→ Problem description
When you reproduce the listing, keep every word as it is and drop the pictures.

→ Supplied records
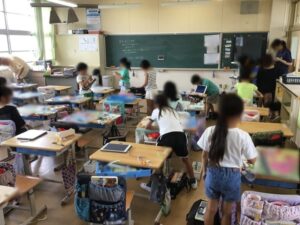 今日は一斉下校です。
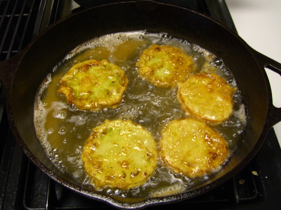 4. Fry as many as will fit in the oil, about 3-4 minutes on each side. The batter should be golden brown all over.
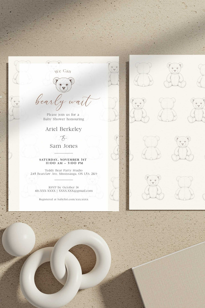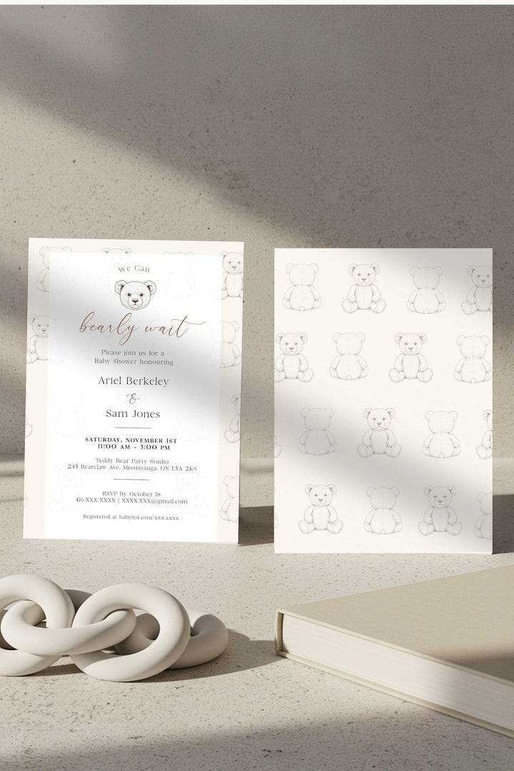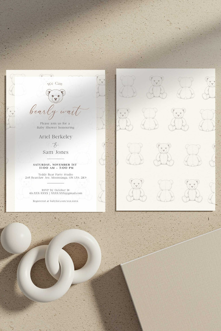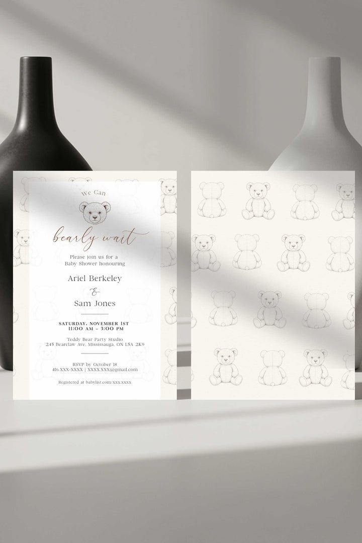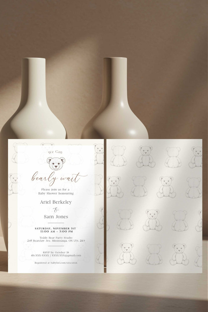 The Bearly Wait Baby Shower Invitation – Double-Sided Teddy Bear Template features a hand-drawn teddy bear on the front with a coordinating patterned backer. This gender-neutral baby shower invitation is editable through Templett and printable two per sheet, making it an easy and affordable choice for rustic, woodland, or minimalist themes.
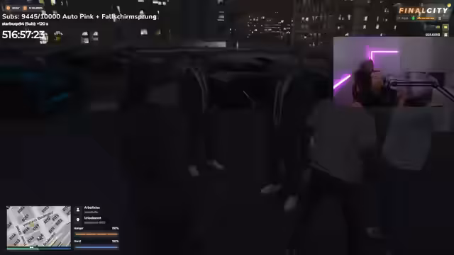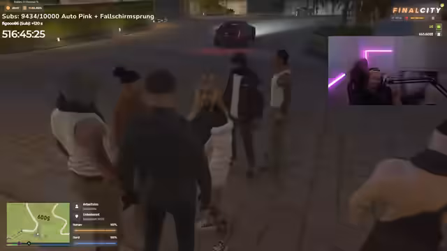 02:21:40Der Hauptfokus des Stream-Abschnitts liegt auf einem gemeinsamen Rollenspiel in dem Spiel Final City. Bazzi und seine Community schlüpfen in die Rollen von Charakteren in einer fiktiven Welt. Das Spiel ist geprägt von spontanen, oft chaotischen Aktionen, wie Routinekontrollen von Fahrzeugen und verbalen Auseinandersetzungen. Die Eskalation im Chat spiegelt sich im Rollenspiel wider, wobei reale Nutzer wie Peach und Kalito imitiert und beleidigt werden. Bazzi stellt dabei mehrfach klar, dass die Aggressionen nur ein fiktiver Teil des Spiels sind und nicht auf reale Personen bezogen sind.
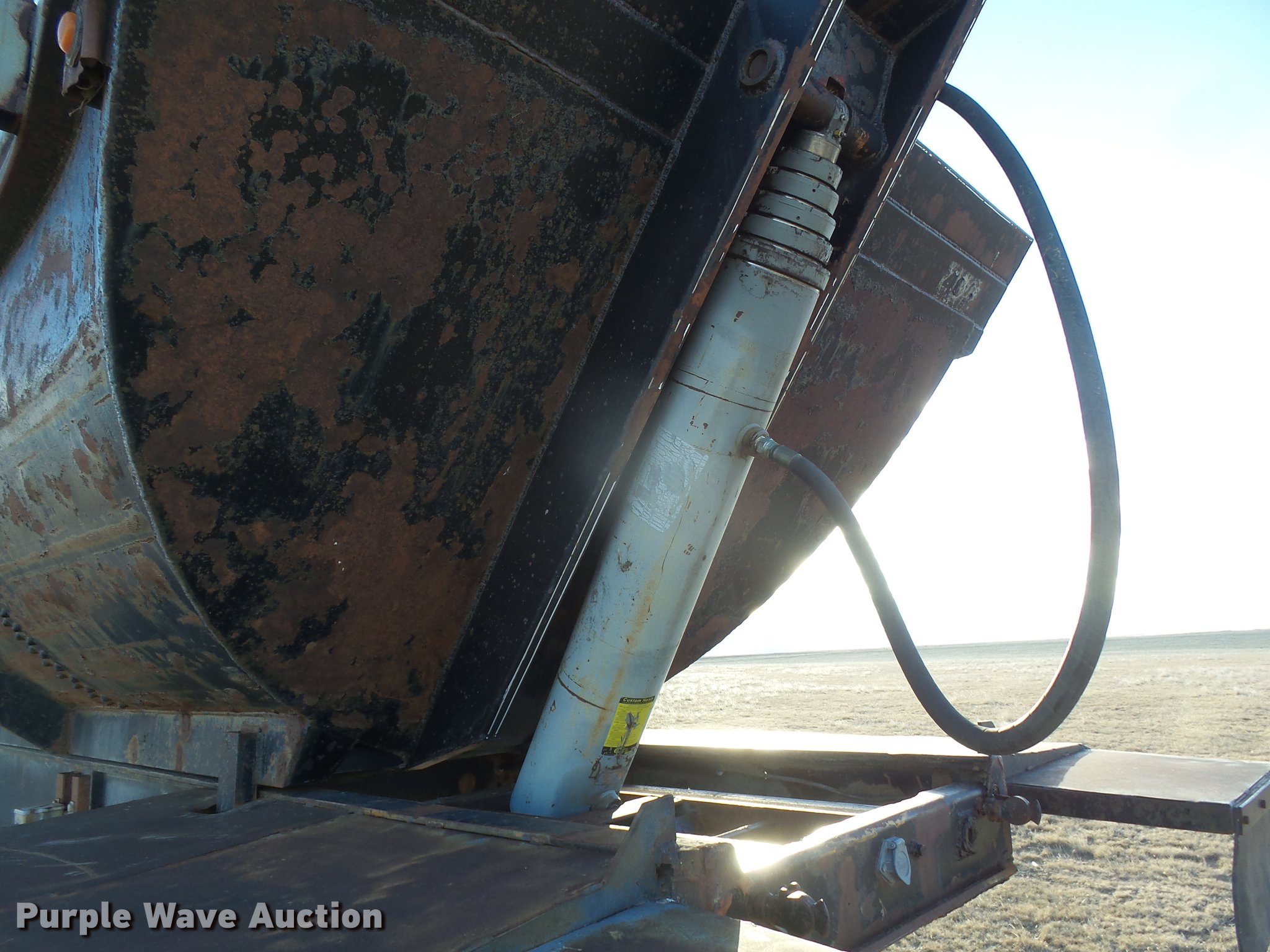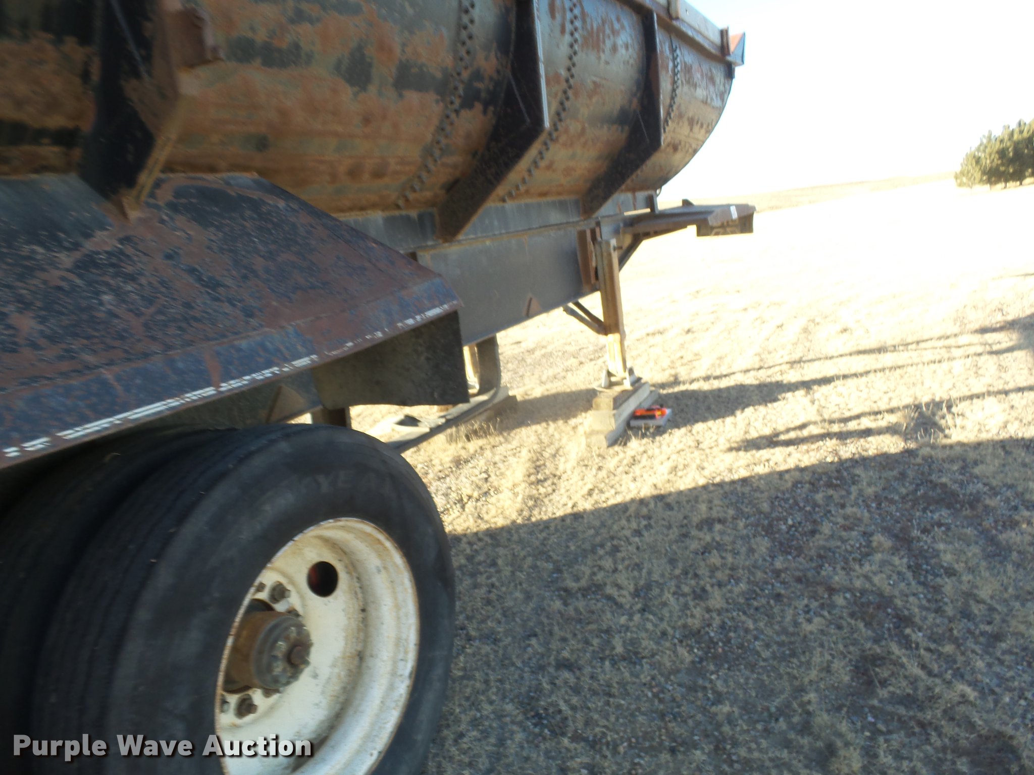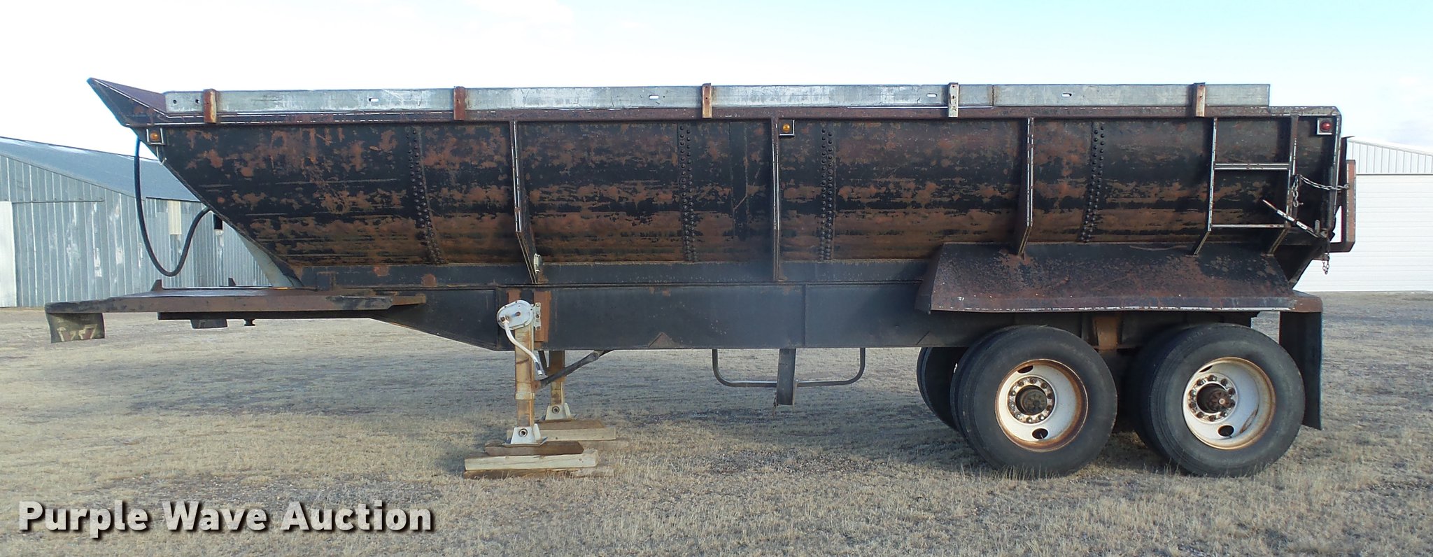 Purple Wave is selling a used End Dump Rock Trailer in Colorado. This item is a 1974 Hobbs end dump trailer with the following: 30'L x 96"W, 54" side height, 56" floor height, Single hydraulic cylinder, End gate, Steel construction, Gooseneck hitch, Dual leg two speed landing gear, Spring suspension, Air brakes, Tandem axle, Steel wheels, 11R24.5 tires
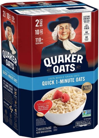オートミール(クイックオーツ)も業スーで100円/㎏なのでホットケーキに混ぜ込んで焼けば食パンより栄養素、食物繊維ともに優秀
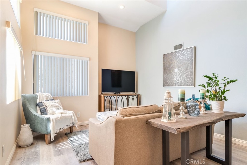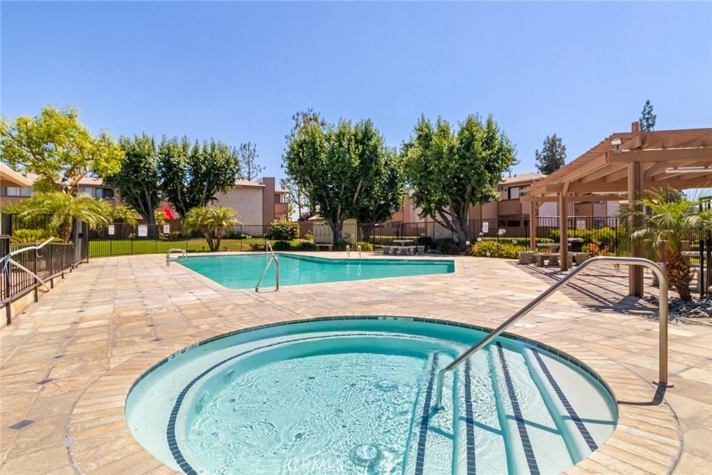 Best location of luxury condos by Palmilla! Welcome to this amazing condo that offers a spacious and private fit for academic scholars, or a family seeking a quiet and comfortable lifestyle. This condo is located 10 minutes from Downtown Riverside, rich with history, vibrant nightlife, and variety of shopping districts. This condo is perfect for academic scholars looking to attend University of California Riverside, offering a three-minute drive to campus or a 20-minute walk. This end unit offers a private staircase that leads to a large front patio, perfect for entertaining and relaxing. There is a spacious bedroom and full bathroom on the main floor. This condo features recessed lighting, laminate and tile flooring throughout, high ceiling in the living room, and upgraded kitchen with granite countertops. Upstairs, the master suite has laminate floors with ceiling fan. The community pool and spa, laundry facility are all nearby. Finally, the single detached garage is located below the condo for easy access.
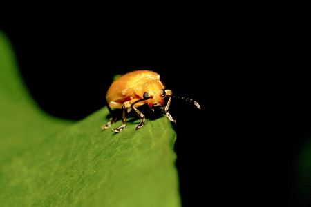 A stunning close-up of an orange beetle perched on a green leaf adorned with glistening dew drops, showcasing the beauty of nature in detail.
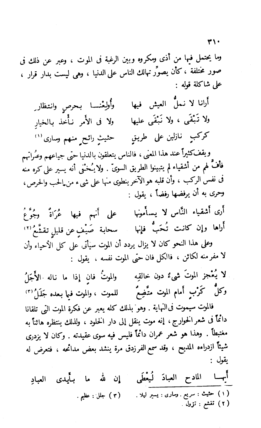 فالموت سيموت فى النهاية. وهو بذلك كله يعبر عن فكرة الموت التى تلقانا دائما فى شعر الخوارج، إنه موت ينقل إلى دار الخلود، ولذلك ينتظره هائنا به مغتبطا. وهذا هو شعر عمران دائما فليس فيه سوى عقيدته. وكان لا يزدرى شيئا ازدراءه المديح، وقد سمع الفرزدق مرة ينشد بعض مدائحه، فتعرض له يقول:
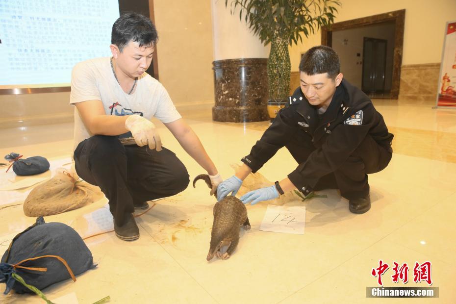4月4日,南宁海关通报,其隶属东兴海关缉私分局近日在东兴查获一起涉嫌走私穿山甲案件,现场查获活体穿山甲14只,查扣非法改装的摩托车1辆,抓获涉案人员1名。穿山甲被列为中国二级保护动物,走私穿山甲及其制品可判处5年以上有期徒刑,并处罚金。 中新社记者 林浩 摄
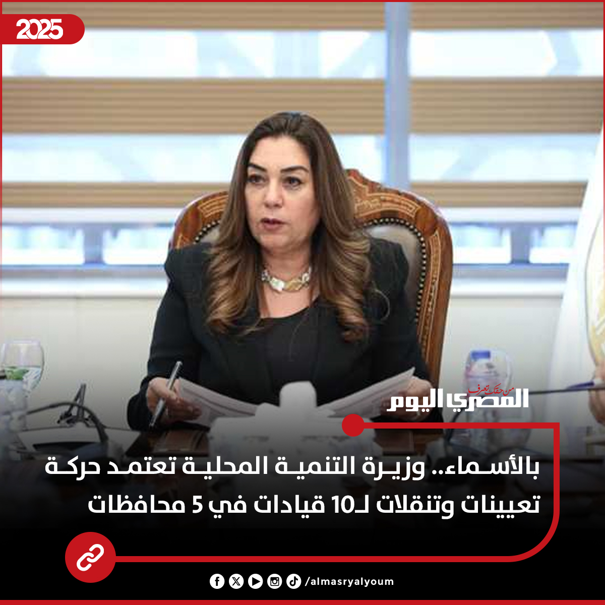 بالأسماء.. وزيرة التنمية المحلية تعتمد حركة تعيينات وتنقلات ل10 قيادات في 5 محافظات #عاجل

→ Exercise result
 今日は一斉下校です。
 4. Fry as many as will fit in the oil, about 3-4 minutes on each side. The batter should be golden brown all over.
 The Bearly Wait Baby Shower Invitation – Double-Sided Teddy Bear Template features a hand-drawn teddy bear on the front with a coordinating patterned backer. This gender-neutral baby shower invitation is editable through Templett and printable two per sheet, making it an easy and affordable choice for rustic, woodland, or minimalist themes.
 02:21:40Der Hauptfokus des Stream-Abschnitts liegt auf einem gemeinsamen Rollenspiel in dem Spiel Final City. Bazzi und seine Community schlüpfen in die Rollen von Charakteren in einer fiktiven Welt. Das Spiel ist geprägt von spontanen, oft chaotischen Aktionen, wie Routinekontrollen von Fahrzeugen und verbalen Auseinandersetzungen. Die Eskalation im Chat spiegelt sich im Rollenspiel wider, wobei reale Nutzer wie Peach und Kalito imitiert und beleidigt werden. Bazzi stellt dabei mehrfach klar, dass die Aggressionen nur ein fiktiver Teil des Spiels sind und nicht auf reale Personen bezogen sind.
 Purple Wave is selling a used End Dump Rock Trailer in Colorado. This item is a 1974 Hobbs end dump trailer with the following: 30'L x 96"W, 54" side height, 56" floor height, Single hydraulic cylinder, End gate, Steel construction, Gooseneck hitch, Dual leg two speed landing gear, Spring suspension, Air brakes, Tandem axle, Steel wheels, 11R24.5 tires
オートミール(クイックオーツ)も業スーで100円/㎏なのでホットケーキに混ぜ込んで焼けば食パンより栄養素、食物繊維ともに優秀
 Best location of luxury condos by Palmilla! Welcome to this amazing condo that offers a spacious and private fit for academic scholars, or a family seeking a quiet and comfortable lifestyle. This condo is located 10 minutes from Downtown Riverside, rich with history, vibrant nightlife, and variety of shopping districts. This condo is perfect for academic scholars looking to attend University of California Riverside, offering a three-minute drive to campus or a 20-minute walk. This end unit offers a private staircase that leads to a large front patio, perfect for entertaining and relaxing. There is a spacious bedroom and full bathroom on the main floor. This condo features recessed lighting, laminate and tile flooring throughout, high ceiling in the living room, and upgraded kitchen with granite countertops. Upstairs, the master suite has laminate floors with ceiling fan. The community pool and spa, laundry facility are all nearby. Finally, the single detached garage is located below the condo for easy access.
 A stunning close-up of an orange beetle perched on a green leaf adorned with glistening dew drops, showcasing the beauty of nature in detail.
 فالموت سيموت فى النهاية. وهو بذلك كله يعبر عن فكرة الموت التى تلقانا دائما فى شعر الخوارج، إنه موت ينقل إلى دار الخلود، ولذلك ينتظره هائنا به مغتبطا. وهذا هو شعر عمران دائما فليس فيه سوى عقيدته. وكان لا يزدرى شيئا ازدراءه المديح، وقد سمع الفرزدق مرة ينشد بعض مدائحه، فتعرض له يقول:
4月4日,南宁海关通报,其隶属东兴海关缉私分局近日在东兴查获一起涉嫌走私穿山甲案件,现场查获活体穿山甲14只,查扣非法改装的摩托车1辆,抓获涉案人员1名。穿山甲被列为中国二级保护动物,走私穿山甲及其制品可判处5年以上有期徒刑,并处罚金。 中新社记者 林浩 摄
 بالأسماء.. وزيرة التنمية المحلية تعتمد حركة تعيينات وتنقلات ل10 قيادات في 5 محافظات #عاجل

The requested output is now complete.